DATA SECTION section start
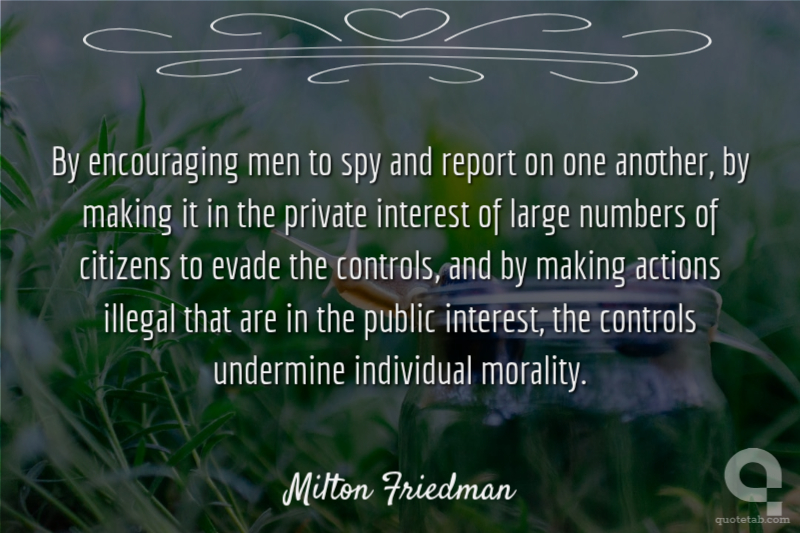 By encouraging men to spy and report on one another, by making it in the private interest of large numbers of citizens to evade the controls, and by making actions illegal that are in the public interest, the controls undermine individual morality.
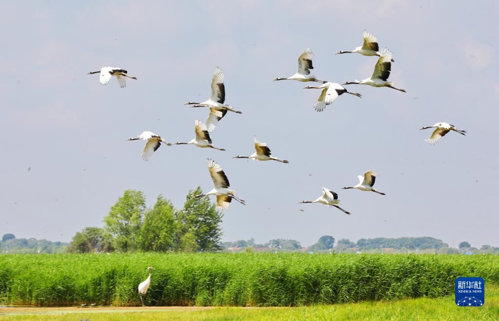 丹頂鶴在黑龍江扎龍國家級自然保護區(qū)自由翱翔(2022年6月15日攝)。 新華社發(fā)(宋燕軍 攝)
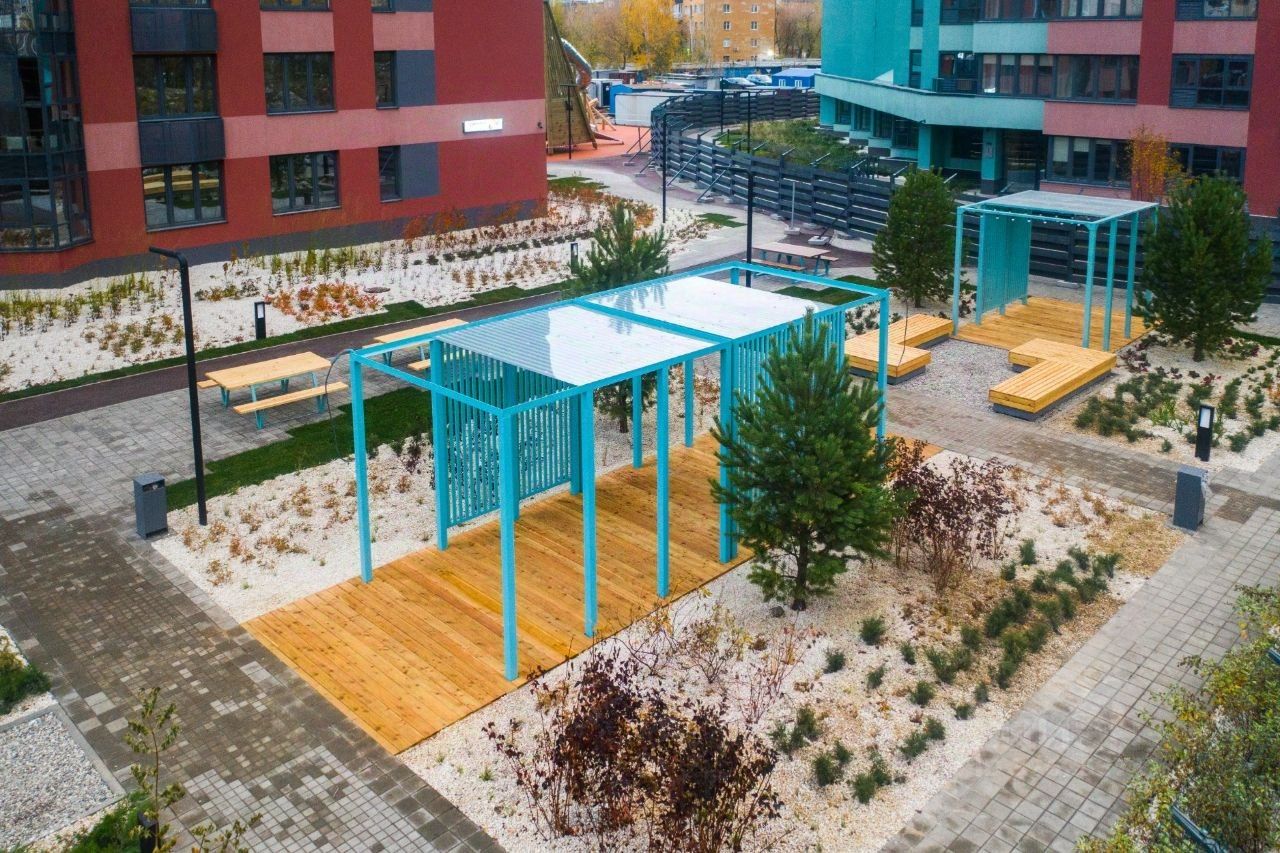 На первых этажах жилых домов разместятся магазины, кафе, ресторан, кондитерская, фитнес-центр, встроенный детский садик. Для удобства автовладельцев будет построен многоуровневый наземный паркинг.
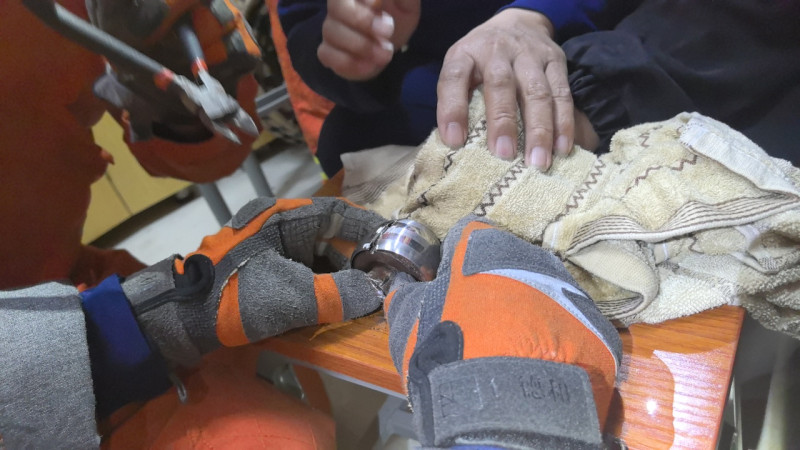“有我们在,别慌!”救援人员首先轻声安抚女子情绪,引导她保持冷静,缓解其紧张与疼痛感。与此同时,指挥员迅速蹲身查看伤情,仔细评估铁钩与平衡球底座的连接结构,快速制定出“剪切分离”的救援方案。救援人员屏住呼吸、精准操作,全程紧盯剪切位置,小心翼翼控制工具力度,既要快速剪断铁钩,又要最大限度保护女子的脚部不受二次伤害。时间一分一秒过去,现场气氛紧张到让人窒息,每一次操作都牵动着在场所有人的心。经过10分钟的紧张作业,“咔嚓”一声脆响,牢牢“咬住”女子脚底的铁钩被成功剪断,与平衡球彻底分离。随后,救援人员小心翼翼地将女子抬上担架,平稳送上救护车,顺利移交给现场医护人员进行专业治疗。
DATA SECTION section end
WORK ORDER
All of the material shown above needs to be duplicated exactly. Omit every picture.

ANSWER BOX
 By encouraging men to spy and report on one another, by making it in the private interest of large numbers of citizens to evade the controls, and by making actions illegal that are in the public interest, the controls undermine individual morality.
 丹頂鶴在黑龍江扎龍國家級自然保護區(qū)自由翱翔(2022年6月15日攝)。 新華社發(fā)(宋燕軍 攝)
 На первых этажах жилых домов разместятся магазины, кафе, ресторан, кондитерская, фитнес-центр, встроенный детский садик. Для удобства автовладельцев будет построен многоуровневый наземный паркинг.
“有我们在,别慌!”救援人员首先轻声安抚女子情绪,引导她保持冷静,缓解其紧张与疼痛感。与此同时,指挥员迅速蹲身查看伤情,仔细评估铁钩与平衡球底座的连接结构,快速制定出“剪切分离”的救援方案。救援人员屏住呼吸、精准操作,全程紧盯剪切位置,小心翼翼控制工具力度,既要快速剪断铁钩,又要最大限度保护女子的脚部不受二次伤害。时间一分一秒过去,现场气氛紧张到让人窒息,每一次操作都牵动着在场所有人的心。经过10分钟的紧张作业,“咔嚓”一声脆响,牢牢“咬住”女子脚底的铁钩被成功剪断,与平衡球彻底分离。随后,救援人员小心翼翼地将女子抬上担架,平稳送上救护车,顺利移交给现场医护人员进行专业治疗。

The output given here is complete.